WHAT THIS TASK INVOLVES ->
Your answer must be the lines from the one containing "The world travel" through the last line below, copied exactly, with no pictures.

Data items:

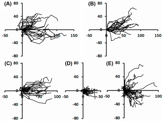 Effects of UVA exposure on the motile ability of keratinocytes, in terms of their directionality of movement. (A) Trajectories of mock-irradiated HaCaT cells during the first 5 h after scratching; (B) trajectories of HaCaT cells irradiated for 30 min, during the first 5 h after scratching; (C) trajectories of mock-irradiated DOK cells during the first 5 h after scratching; (D) trajectories of DOK cells irradiated for 30 min, during the first 5 h after scratching; (E) trajectories of DOK cells irradiated for 30 min, monitored between 5 and 13 h after scratching. Units in plots are in μm.
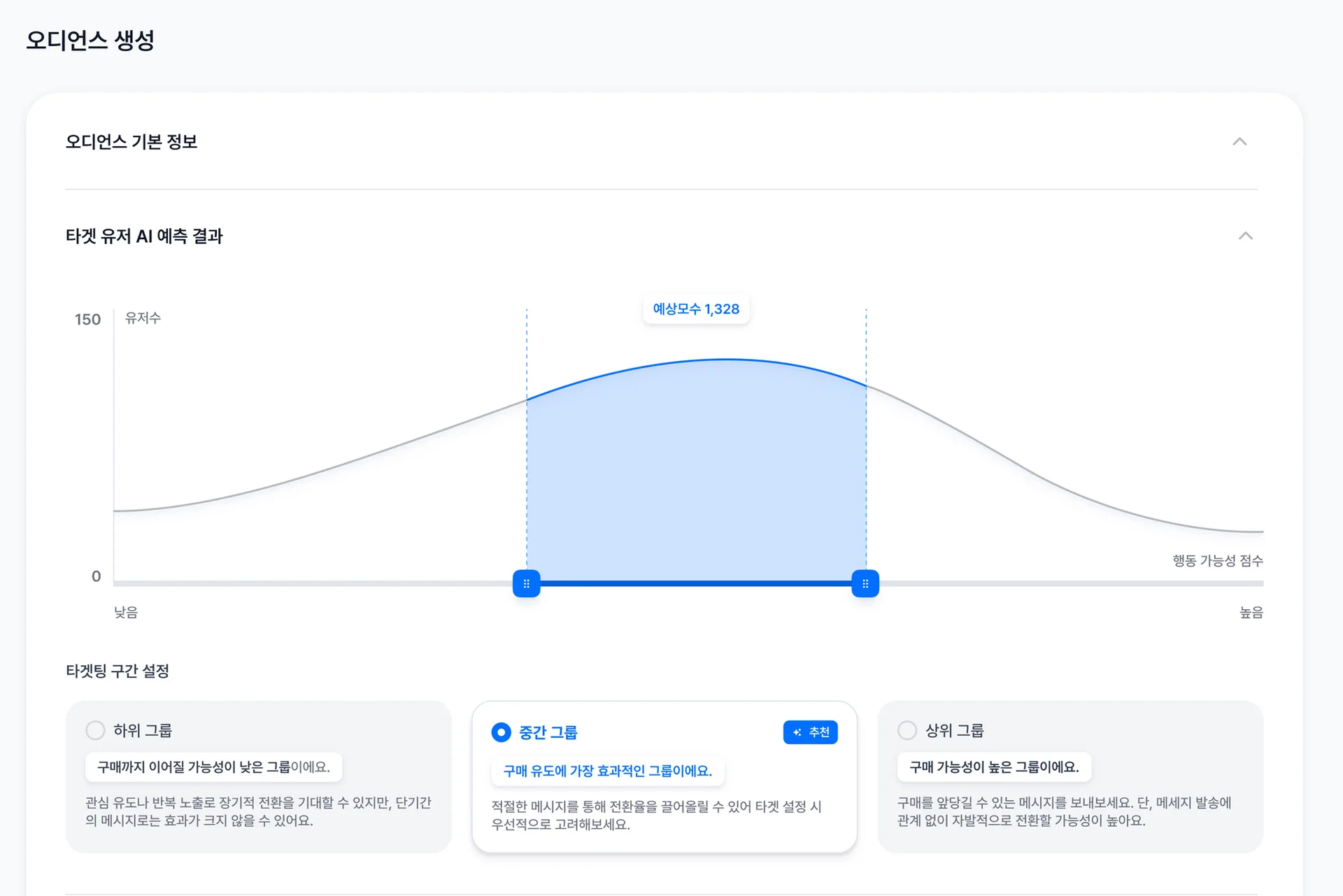 AI 오디언스는 단순한 자동 타겟팅을 넘어, 원하는 기준에 따라 직접 오디언스를 만들 수 있도록 개선되었습니다. 예를 들어, AI가 예측한 점수 구간 중 원하는 구간을 선택하여 오디언스를 만들 수 있으며, 각 점수 구간에 대한 AI 예측 결과는 다양한 통계지표로 확인할 수 있습니다.
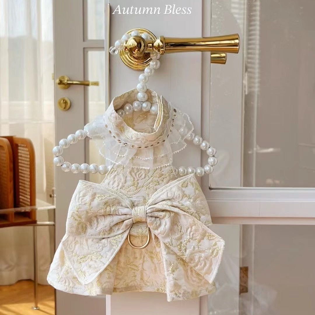 Autumn Bless Elegant Bow Harness Set for Small Dogs – Deluxe Floral Design with Ribbon
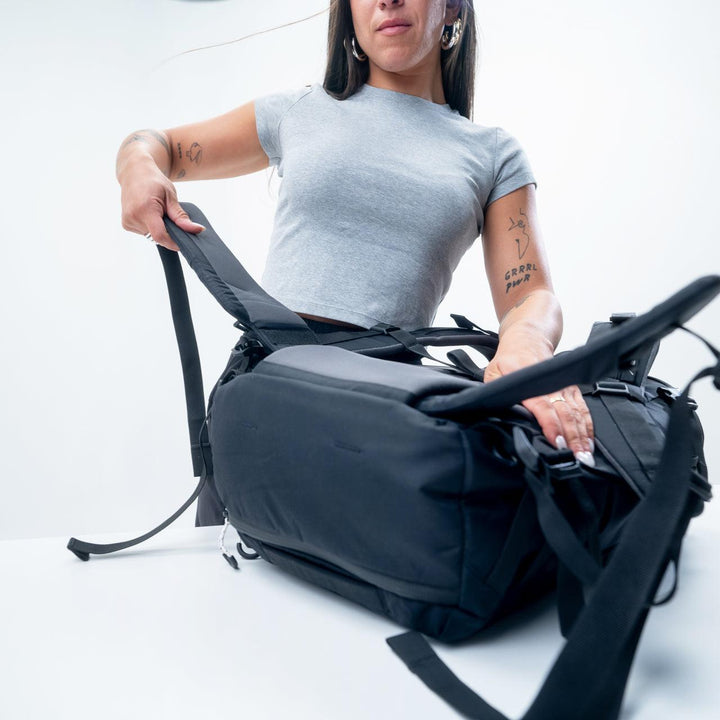 The world travel backpack that thinks like a suitcase but carries like a dream.
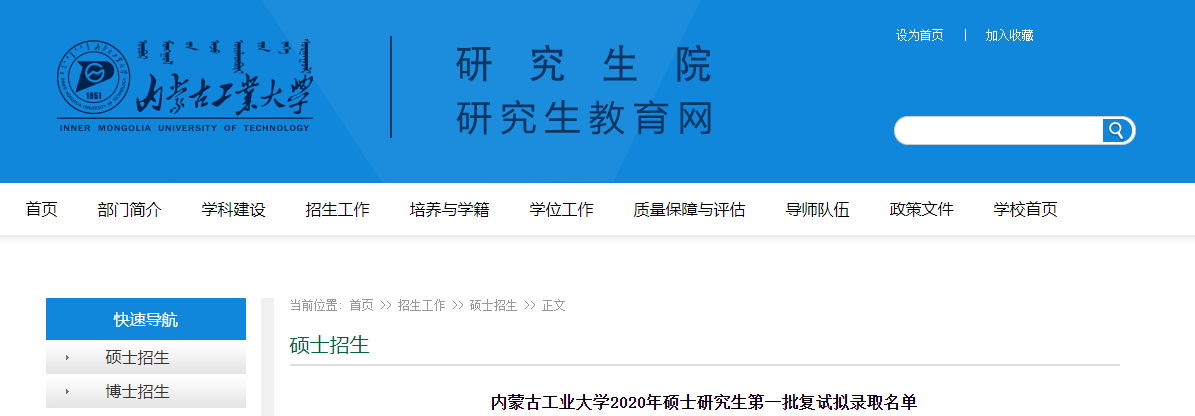 2020MPAcc擬錄取名單:內蒙古工業大學2020年碩士研究生第一批復試擬錄取名單
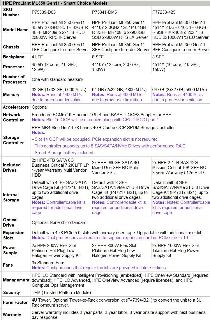 Model Name HPE ProLiant ML350 Gen11 4514Y 2.0GHz 16c 1P 64GB-R 8SFF MR408i-o 2x2.4TB HDD 2x1000W PS EU Server

WRITTEN ANSWER ->
 The world travel backpack that thinks like a suitcase but carries like a dream.
 2020MPAcc擬錄取名單:內蒙古工業大學2020年碩士研究生第一批復試擬錄取名單
 Model Name HPE ProLiant ML350 Gen11 4514Y 2.0GHz 16c 1P 64GB-R 8SFF MR408i-o 2x2.4TB HDD 2x1000W PS EU Server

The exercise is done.